Whatever gooey, dark substance rubbed off on his palm was something he wasn't taking any chances with, wiping his hand off on the dusty stone wall beside him.

"I thought I told you—it isn't magecraft. You're a real damn headache, kid."

"Well, I'd say this headache just saved your life."

"Don't get carried away. It just would've taken a bit of exertion for me to get out."

It was like trying to fish for praise from a prickly father. Looking past the thorny, icy exterior of Goldheve, Ren began to just appreciate the fact that the man didn't see him as an enemy.

"Wait a second, you said you owed me one right?"

Ren smirked as he realized the ticket to the knowledge he held now, jumping over the trapdoor after Goldheve.

"—"

"...How about you tell me about that "Eight Varoos" thing and we'll call it even."

"If it'll shut you up, then fine, you chatty bastard!"

Letting out a perturbed breath as he reared his head back, Goldheve finally caved into Ren's relentless pestering.

"—"Eight Vasus", it's a direct blessing from the gods who watch over my homeland of Derjun. Man, it's a real pain in the ass to explain," Goldheve scratched his greasy head of jet-black hair as he unleashed another sigh, "It's not a common thing. Only chosen warriors are given this blessing, and even fewer can wield all eight Vasu."

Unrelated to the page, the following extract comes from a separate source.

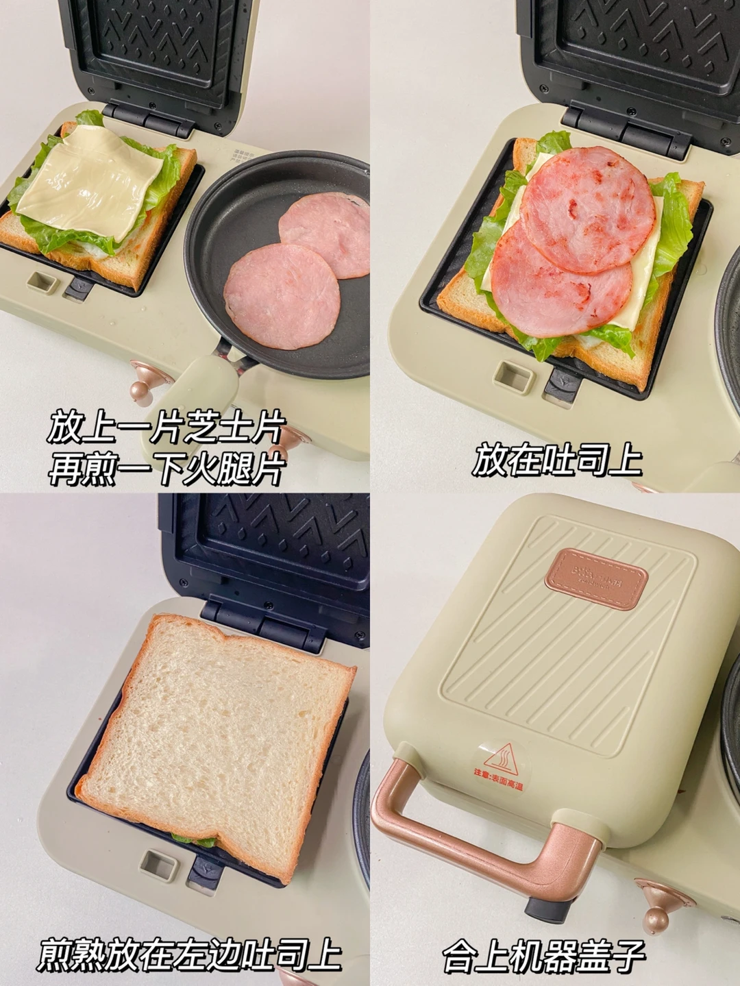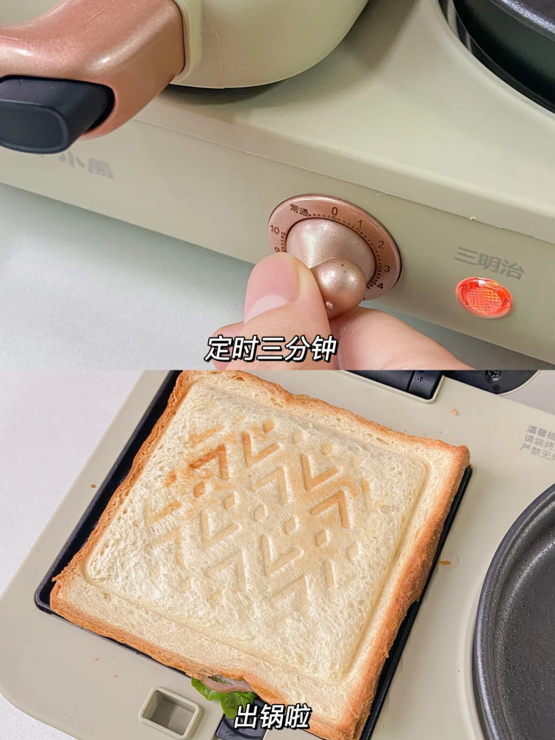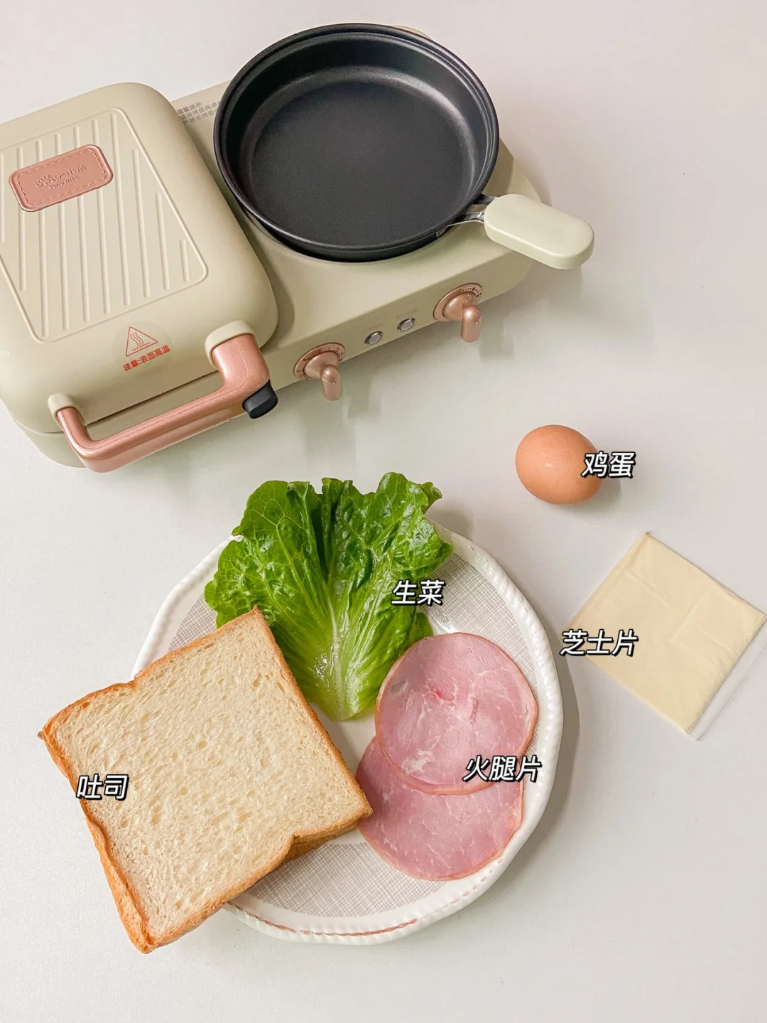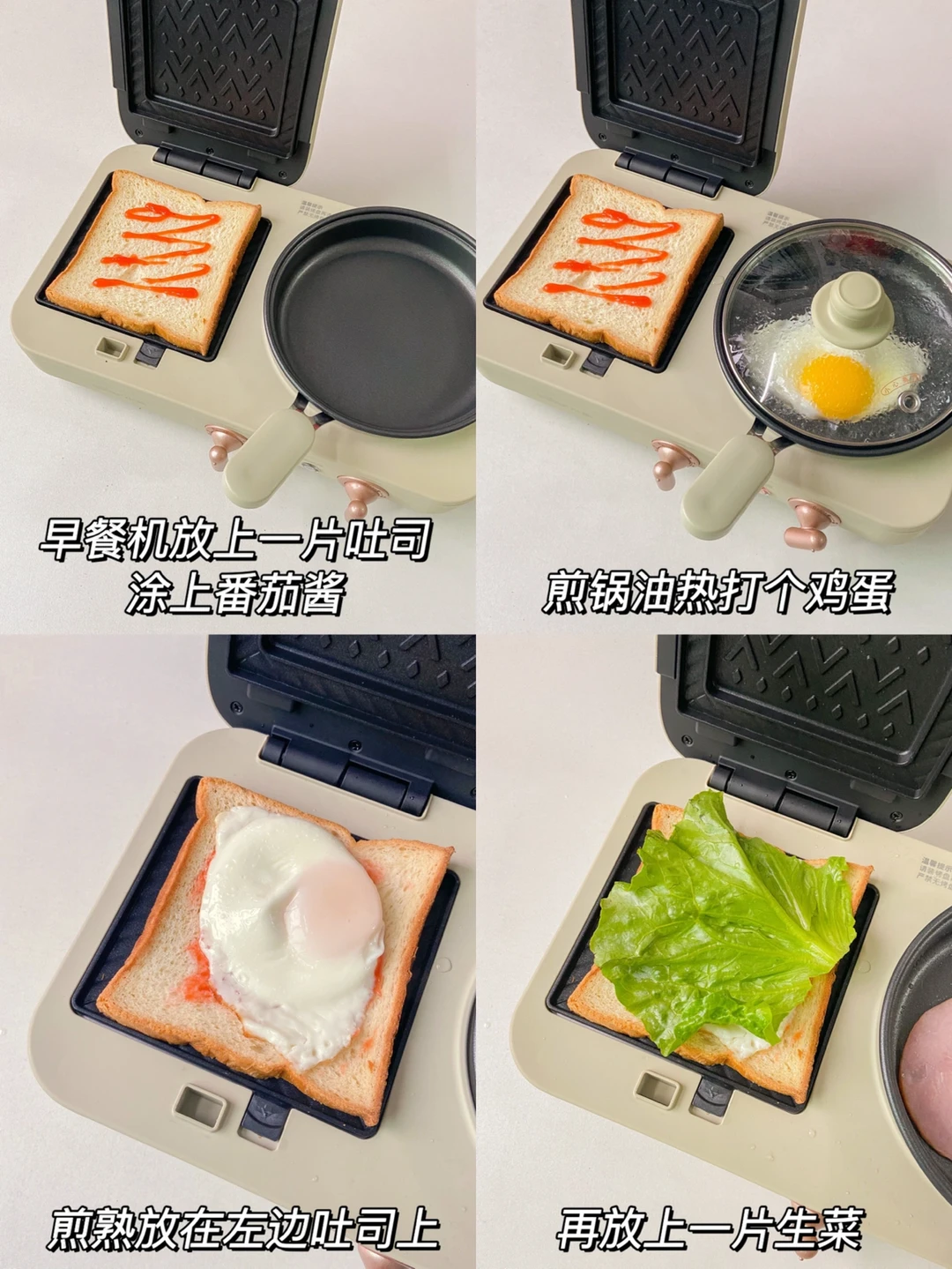 1️⃣早餐机放上一片吐司涂上番茄酱 煎锅油热打个鸡蛋 煎熟放在左边吐司上 再放上一片生菜和芝士片

The longer he talked, the more annoyed his tone became.

"Derjun? Don't think I've heard of that place."

"Doesn't surprise me. You Mastornians live in your own bubble."

Before he could cut into that snide remark, the next room came into view. Stretching his limbs out like an eagle preparing to soar, Goldheve cracked his back as he stepped into the next section of the labyrinth.